When he won the Democratic nomination for the New York City Council, Torres became one of the first openly gay political candidates in the Bronx to secure a Democratic nomination, and upon victory in the general election, he became the first openly gay public official in the Bronx. In 2016, Torres was a delegate for the Bernie Sanders campaign. Torres also served as a deputy leader of the city council.

=== Public housing ===
Upon his election, Torres requested the chairmanship of the council's committee on public housing, tasked with overseeing the New York City Housing Authority (NYCHA); as of July 2019, it is the "nation's largest public housing system", which "provides housing to more than 400,000 low-income residents" in "176,000 apartments across 325 complexes". He made "the living conditions of the city's most underserved residents a signature priority". In this role, he helped secure $3 million for Concourse Village, Inc., a nearly 1,900-unit housing cooperative in the South Bronx. According to 2010 United States census data, the South Bronx is among the poorest districts in the nation. The cooperative is subsidized by the Mitchell-Lama Housing Program, offering "income-restricted rentals and below-market value buy-in for co-ops". He also secured nearly $1 million to renovate Dennis Lane Apartments, a Mitchell-Lama co-op in the heart of his district, and "played a crucial role in exposing the city's failures to address lead-paint contamination".

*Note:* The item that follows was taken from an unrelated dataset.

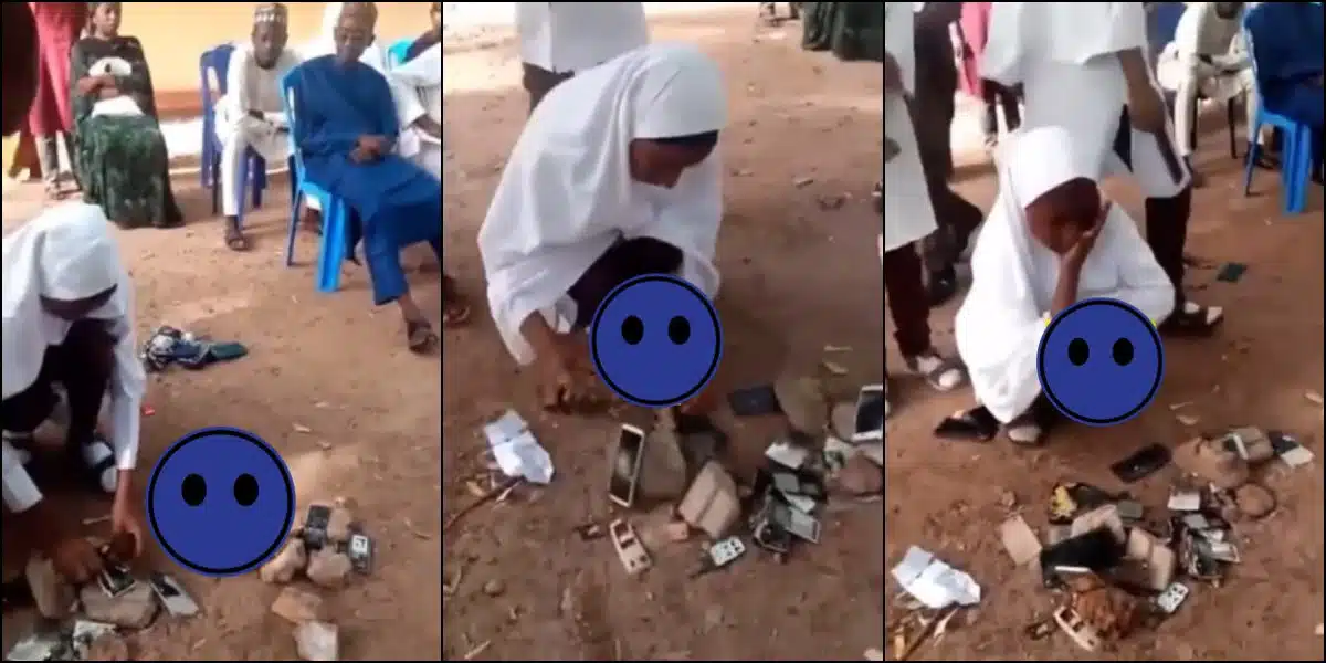 A video that has sparked reactions online shows students destroying their phones after reportedly being asked by the Parents-Teachers Association of their school to do so due to poor academic performance.

In August 2019, along with fellow council member Vanessa Gibson, Torres announced Right To Counsel 2.0, an expansion of legal aid to NYCHA tenants facing eviction. Since the original law was passed in 2017, providing legal help throughout the entire eviction case, the council has found that 84% of tenants were able to stay in their homes. The council members "say this will help keep families together and prevent displacement". Torres said, "NYCHA is one of the worst evictees in the city ... Not just one of the worst landlords, but one of the worst evictors. In 2018 alone, 838 families lost their homes in the hands of the NYCHA."

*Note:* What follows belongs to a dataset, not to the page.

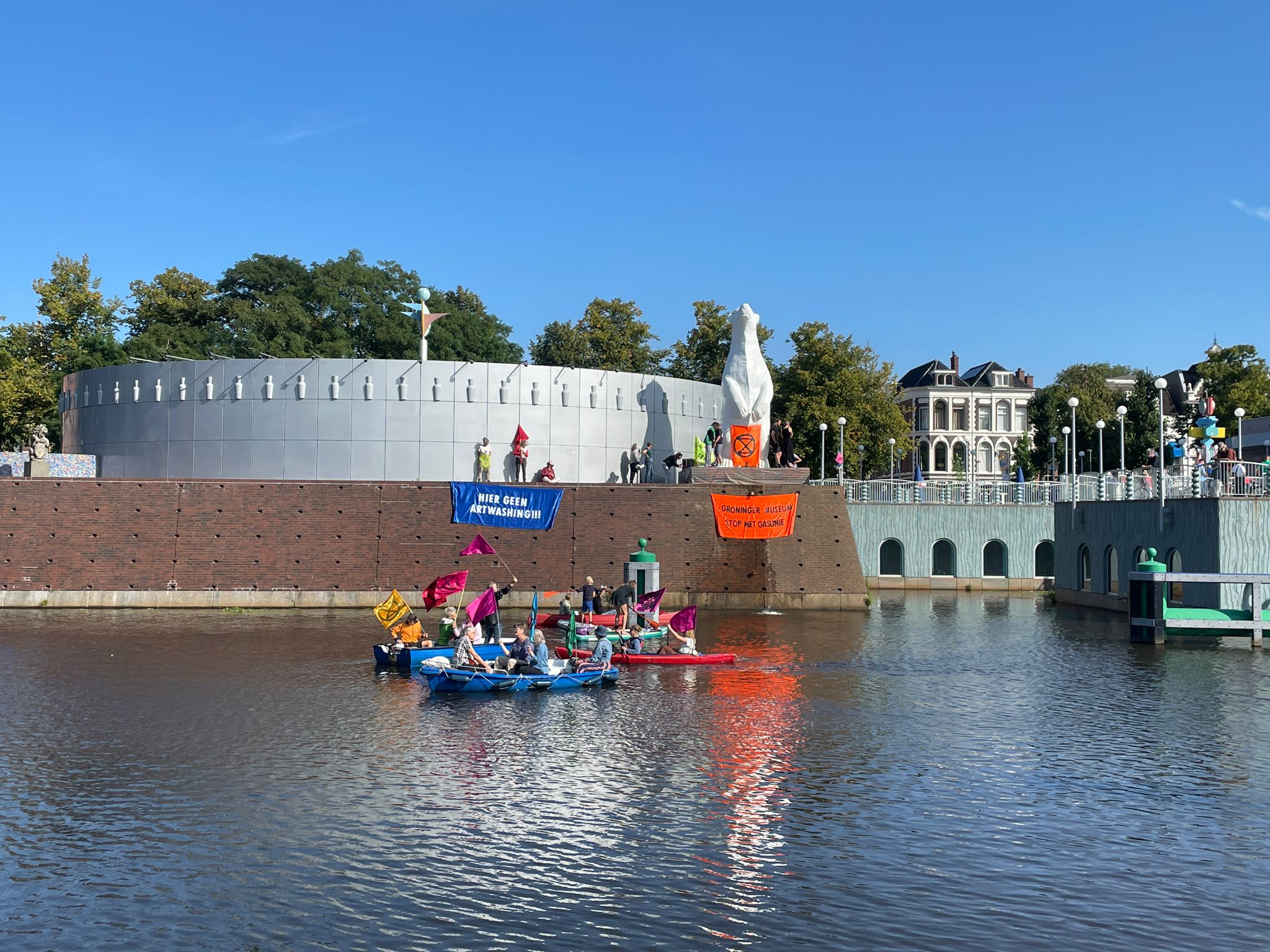 De afgelopen periode hebben de klimaatactivisten vaker op deze locatie geprotesteerd. Men verzamelde zich zaterdagochtend bij de Pissende IJsbeer. Er werden spandoeken opgehangen met daarop teksten als ‘Hier geen artwashing’ en ‘Groninger Museum stop met Gasunie’. Diverse activisten gingen in bootjes en kano’s het water op. “De Gasunie doet aan artwashing”, laat een woordvoerder van Extinction Rebellion weten. “Het staatsbedrijf maakt goede sier met sponsoring van het museum en de kinderbiennale. Intussen is het bezig de toekomst van diezelfde kinderen te vernietigen.”

=== Combating gig worker tip theft ===
In April 2019, Torres worked on legislation aimed to compel companies that employ gig workers to be transparent about whether the workers' tips are diverted to pay a base salary. Mobile app delivery companies, like DoorDash—which has freelance workers pickup and deliver meals from restaurants—Amazon's Prime Now, and Instacart, usually allow customers to add a gratuity, but the companies were counting the tips toward regular payment. Torres characterized the practice as exploiting "an underclass of independent contractors", and hopes the city council can ban the practice altogether. Vox noted the gig economy requires regulation for the estimated 57 million workers (in the U.S.) who have little protection, and few if any benefits. Torres's bill would compel these companies to be transparent about the practice "by explicitly stating it in their terms of service or by sending a notification as a transaction is being approved".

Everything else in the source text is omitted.